The COVID-19 pandemic has fundamentally challenged our world. It has fostered acts of solidarity and a common sense of humanity, and simultaneously led to a frightening rise in human rights violations, including discrimination, racism and hate speech.
With 1.8 billion youth globally affected by the pandemic, there is a pressing need to ensure that human rights education builds more equal, sustainable, inclusive societies and economies that are resilient in the face of crisis, so that all countries can build back better. Equally, there is a need to move away from the stereotypical notions of young people as mere beneficiaries and see them as the “actors of change” they are. Engaging, supporting and working with young people towards a just, equitable and peaceful future is of the utmost importance.
Human rights education for youth, in both formal and non-formal settings, promotes a shared sense of humanity and fosters a common understanding that all human beings are equally deserving of dignity, respect and justice. It empowers youth to fulfil their role as active citizens, to take action and uphold their human rights and those of others, and to participate meaningfully in public affairs and democratic decisionmaking processes.
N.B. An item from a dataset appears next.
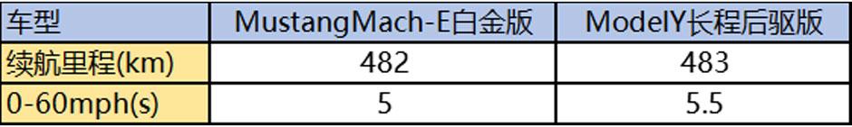 说到电动车,续航是尤为重要的,而且这两款车还主打运动,加速时间也十分重要,下面就来看看福特Mustang Mach-E和特斯拉Model Y的差异。

In recognition of this, the United Nations Member States launched the fourth phase (2020–2024) of the World Programme for Human Rights Education to advance human rights education programming for youth at the national level. This focus also contributes to the achievement of the 2030 Agenda for Sustainable Development, particularly Goal 4 on Education and target 4.7, which touches upon the aims of education.
In adopting the Plan of Action for the fourth phase, Member States have committed to engage youth and youth-led and youth-focused organizations as key partners at all stages. Young people must be the architects of human rights education efforts for their peers, within an enabling environment that supports their participation and leadership. And, in the spirit of leaving no one behind, human rights education policies and programmes must prioritize young people in situations of exclusion or vulnerability.
The United Nations Youth Strategy, Youth 2030: working with and for young people, commits the United Nations to increase its efforts to promote human rights education for youth, as well as global citizenship and education for sustainable development, with a view to foster civic awareness and participation, volunteerism and a culture of peace and non-violence among young people. Our organizations are committed to strengthening our work and assisting Member States in all their efforts towards achieving these goals.